» **Stored data**:
+ + + + +
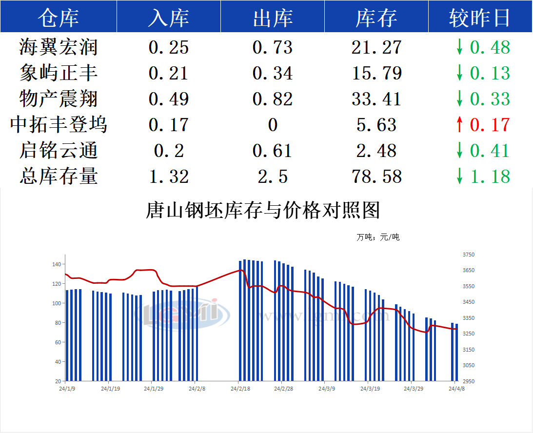 截至今晨,唐山地区样本仓库钢坯库存总量约78.58万吨,单日入库总量1.32万吨,出库总量2.5万吨。
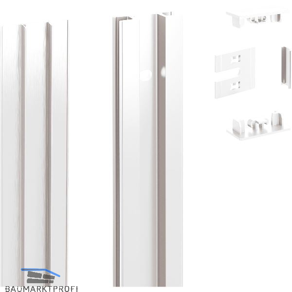 Ein Kabelkanal im Wandprofil nimmt alle Kabel fu?r Licht, TV, Audio- und andere Geräte auf. Die Tablare können auch mit einer Beleuchtung ausgestattet werden. An die Wandhalterung lassen sich Spiegel, Bilder, Fernseher oder Bildschirme befestigen. Accessoires wie Kleiderstangen, Hakenleisten, Hosenhalter und Schuhregale komplettieren das System. Wandprofil-Set in alu natur eloxiert, Träger und Zubehör in weiß Feinstruktur auf Anfrage lieferbar!
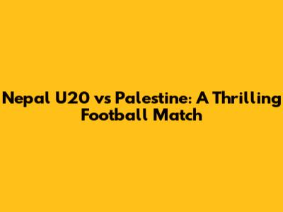 Nepal U20 Vs Palestine: A Thrilling Football Match
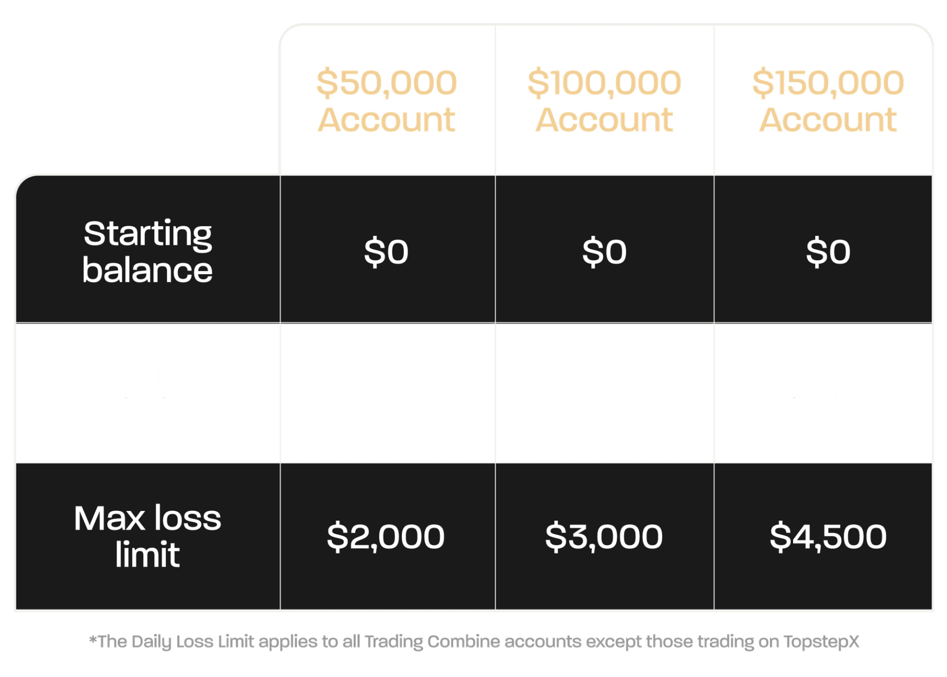Each Express Funded Account starts with a $0 balance and includes a Max Loss Limit based on your Trading Combine® size: $2,000 for $50K accounts, $3,000 for $100K, and $4,500 for $150K. Your balance can go below $0 to accommodate your Max Loss Limit. If your Max Loss Limit balance increases to $0, your account will lock at $0. Accounts trading on platforms other than TopstepX are also subject to a Daily Loss Limit as outlined below.
+ + + + +
» **What you have to do**: Having located the line with "Nepal U20 Vs", copy it exactly along with every later line through the end of the listing above, but omit the pictures.

» **Answer to this problem**:
 Nepal U20 Vs Palestine: A Thrilling Football Match
Each Express Funded Account starts with a $0 balance and includes a Max Loss Limit based on your Trading Combine® size: $2,000 for $50K accounts, $3,000 for $100K, and $4,500 for $150K. Your balance can go below $0 to accommodate your Max Loss Limit. If your Max Loss Limit balance increases to $0, your account will lock at $0. Accounts trading on platforms other than TopstepX are also subject to a Daily Loss Limit as outlined below.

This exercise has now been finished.